To complement the scattercube display of statistical WWW data and to represent the geographic dispersion of WWW requests, we developed a new display metaphor based on projections of the globe of the Earth. This metaphor is described below.
As Figure 4 shows, the globe consists of a texture map of the world on a sphere. The surface of the sphere includes altitude relief from the USGS ETOP05 database and political boundaries are drawn from the CIA World Map database.
On the globe or its projection, data can be displayed either as arcs between source and destination or as stacked bars. The former can be used to display point-to-point communication traffic [3], with the thickness, height, and color of the arc representing specific data attributes.
Stacked bars convey information through three mechanisms: position, height, and color bands. For WWW traffic, each bar is placed at the geographic origin of a WWW request. As we shall see in the description of our experiences, the bar heights show location-specific attributes of the requests, typically the number of bytes or the number of requests relative to other sites. The bar color bands represent the distribution of document types, domain classes, servers, or time intervals between successive requests.
The HMD version of Avatar includes speech synthesis and recognition hardware for voice-directed commands, and both the HMD and the CAVE versions use six degree of freedom trackers for head and hand (three-dimensional mouse) position location. Voice commands have the benefit that they can be executed at any time, and they do not consume space in the rendered scene. However, they require the user to be familiar with the command vocabulary.
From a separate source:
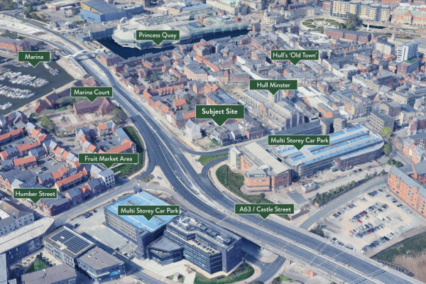 The property is situated in the Old Town area of Hull, prominently positioned within yards of the Market Place junction with the A63 Castle Street, close to Hull Minster and the Old Town drinking circuit. Immediately south of the A63 is the regenerated Fruit Market area with a recently formed pedestrian route to Market Place.

To support both the CAVE and HMDs, while providing a virtual reality interface familiar to workstation users, the majority of all Avatar controls are realized via a familiar menu-based interface for data analysis and display. Later, we discuss the limitations of this approach. We implemented a library of windows that have labels, buttons, pull-down menus, sliders, and scroll boxes. Users select windows and menu items by pointing the three-dimensional mouse; a cursor drawn on the window indicates where the user is pointing, and audio feedback confirms menu selections. These windows can be moved, opened, and closed via the mouse and can be accessed from any location that has an unobstructed view of the desired window.
As shown in Figure 5, the menus for interaction with the geographic metaphor's display of WWW data control the scaling and position of the globe. The size of the globe and the height of the bars are controlled by sliders. The globe may be rotated by pressing buttons that increment or decrement the rotation speed, and a pull-down menu provides the option of warping to a predefined location (e.g., North America or Europe). Finally, one can select the characteristics of the displayed data.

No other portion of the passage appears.